The Power and Paradox of Philip Johnson

Metropolis speaks with critic Mark Lamster about his recent biography of America’s original starchitect and the many contradictions he discovered along the way—from Johnson’s Nazi past, to his many reinventions.

Philip Johnson Biography
Philip Johnson as he appeared in Metropolis in November 1998. Courtesy Evan Kafka

What defines an architectural legacy? Is it what physically endures after one passes? Or is the net sum of a life—a more subjective calculus factoring in qualities like morality and social consciousness?

Throughout most of his 98 years Philip Johnson confounded the definition of legacy, perhaps more so than any architect before him or since. He was an architectural evangelist who went on to design some of the world’s most beloved buildings and launched the careers of many a contemporary starchitect. He was, as Paul Goldberger wrote in Johnson’s 2005 obituary, a “combination godfather, gadfly, scholar, patron, critic, curator, and cheerleader.”

Yet Johnson’s past was darker than his razor-sharp wit and owl-like mien let on. He readily discarded people—both friends and lovers. He battled depression. He forsook the Modernist community he helped build to insinuate himself in the Nazi regime. In spite of these troubling truths, his misdeeds have largely faded from architectural memory. (Even Goldberger, in his 2005 obituary, eschewed the word “Nazi.”)
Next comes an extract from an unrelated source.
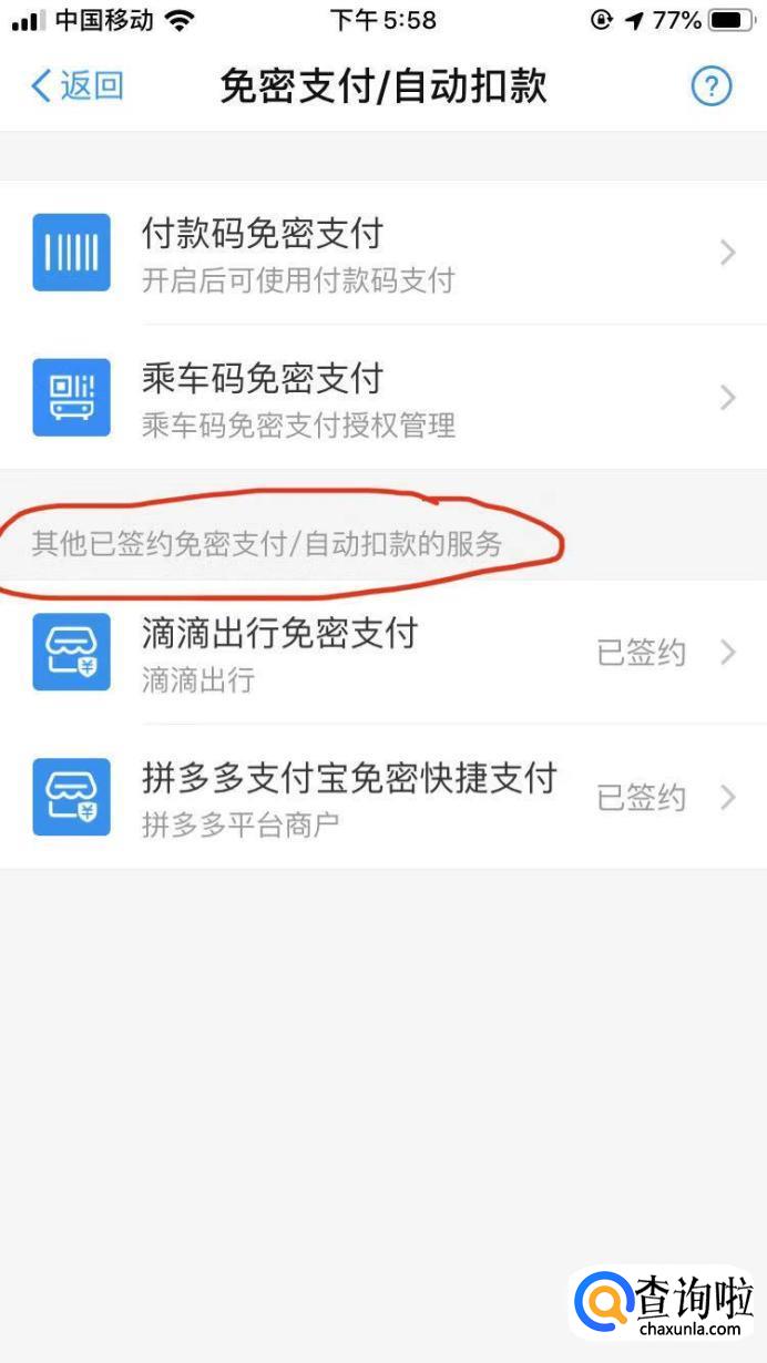 可以看到已签约免密支付/自动扣款的服务,只要点击进去选择取消就可以了。

All of these paradoxes are brought to the fore in The Man in the Glass House, an engrossing new Johnson biography from Dallas Morning News architecture critic Mark Lamster. For nearly a decade, Lamster meticulously sifted through Johnson’s personal correspondence, his architectural archives, and even FBI documents to reexamine his life. The result is a dynamic composite sketch, one that shifts throughout Johnson’s numerous (and ludicrous and troubling) ideological transformations. As Lamster reveals, Johnson’s power—a flak jacket of wealth and wit—saved him again and again.

Lamster’s timing couldn’t have been better: Though nearly a century has elapsed, the book draws strong parallels to today’s political climate, with both the emergence of the alt-right and Johnson’s affiliation with one of his last clients, Donald Trump. The Man in the Glass House also resonates at a time when architecture is facing its own reckoning: how do we reconcile biography with built work?

We reached Lamster by phone in New York, where he was celebrating Thanksgiving, to chat about his book and what he learned about Johnson along the way—the good, the bad, and the ugly.

Anna Fixsen: What drew you to Philip Johnson?

Mark Lamster: The truth is that when my agent floated the idea to me, the first thing I said was ‘Absolutely not, no way.’ I didn’t want Philip Johnson in my head for two to three years that it would take to write a biography—I had no idea it would take me nearly 10. But I went home and then started thinking about it and realized it was actually the one book that I needed to write. I always admired [Robert Caro’s] The Power Broker. It’s nominally a biography about Robert Moses, but it’s a book about how power works and also about the history of New York.

With Johnson, it was an opportunity to also have that kind of scope. Because he lived the entire century, he is a great lens to look at America in that time. So it’s a book about America, it’s a book about architecture, culture, and it’s also a biography of this very complicated, difficult, brilliant, mercurial, hilarious, despicable, lovable, charismatic, awful, terrible, wonderful, crazy person.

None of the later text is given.